Demand Process: Taking a Strategic Approach to Demand Generation

Most B-to-B companies focus on too many marketing tactics without taking a strategic approach to demand generation, resulting in weak performance and ROI of marketing initiatives. This is one of the key points brought up at the Industrial Marketing Digital Summit by Adam B. Needles, chief strategy officer at ANNUITAS, a B-to-B demand generation firm.

Needles quoted a Forrester Research study that reported B-to-B marketers are juggling too many tactical balls, with 75 percent of them using 15 of the 26 marketing techniques surveyed. The findings held true across the SMB segment as well as larger enterprises.

The number one pain point for these organizations is the lack of quality leads for sales. This is a problem even in organizations using marketing automation technology, because the technology itself does not solve process issues. Another problem is that content does not support the buying process, because most companies lead with what they want to sell, and not with what customers want to buy. Needles referenced another survey that found 86 percent of the unique benefits touted by vendors were not perceived as unique or having enough impact to create preference.
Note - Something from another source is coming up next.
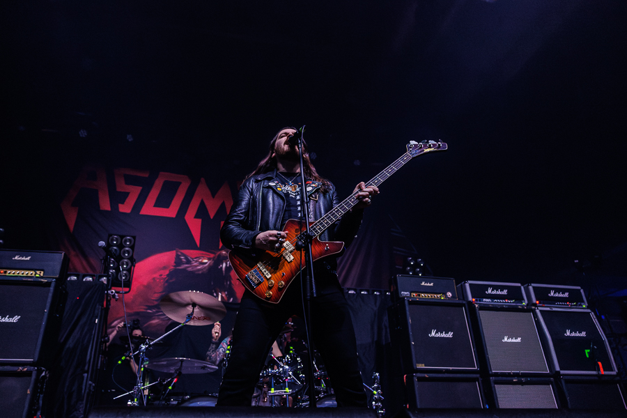 When ASOMVEL took the stage, the volume in the Palladium seemed to double, as they literally hit the ground running. Conan’s bass tone was a distorted, growling monster that rattled the rafters, while Robinson’s guitar work provided a jagged, high-speed edge. The performance was a masterclass in “foot-on-the-monitor” Heavy Metal.

Need for a strategic demand generation process

To overcome these challenges, Needles offers a four-step demand generation process that is strategic and perpetual with the goal of engaging, nurturing and converting buyers, driving repeatable revenue, and maximizing customer lifetime value. The four steps are:

  1. Put the buyer at center
  2. Address gaps in the middle of the funnel
  3. Build and operationalize a demand generation process
  4. Constantly optimize

1. Put the buyer at the center. Customers are living in a different world now. Due to their online research and participation in social networks and online forums, they are more informed and have more choices than ever before in terms of products and services available to them. In short, they are in control. Marketers must adapt because the power has shifted to buyers. The sales-driven culture is gone; the buyer-driven culture is here.

Companies must now build messaging, programs and systems around the goals of educating and qualifying their prospects. They must have the right content at each stage of the buy cycle and must understand at what point a potential customer wants to interact with a sales person. That’s when a lead is sales ready—when they’re ready to talk to sales person.

2. Address gaps in the middle of the funnel. Companies may be good at building awareness and generating initial contact, but too often the prospect disappears because there are no nurturing programs to support them through their buying process.

Lead management is not a strongpoint for most B-to-B organizations and less than one-fourth has a defined lead-to-revenue process, according to Forrester. Only 5 percent claim that every prospect interaction is orchestrated.

Needles also quotes a study performed by the marketing automation firm Eloqua in which the lack of lead nurturing had a negative impact on the number of leads. It is in this stage that prospects need to be understood, scored and segmented, offered relevant content, and generally cared for (or nurtured) until they are ready for sales. It is also where you continue to ask more questions of prospects that will help you further define their needs and qualify them. Also, successful companies continue to nurture prospects who many never become sales-ready because it keeps their name top of mind for referral situations or if the prospect changes jobs.

3. Build and operationalize a demand generation process. While technology such as marketing automation can help support your demand generation process from end to end, technology in itself does not build the process. The demand generation process requires a business and cultural shift in which the sequence of engagement, nurturing and conversion of buyer demand into revenue is treated as a series of steps that can be both managed and optimized.

The demand process must be structured to support each of the three phases of engagement, nurturing and conversion. You must define rules for content marketing, prospect scoring and segmentation, lead management, team member roles, and use of technology. Most importantly, the process must be used consistently and perpetually by your organization.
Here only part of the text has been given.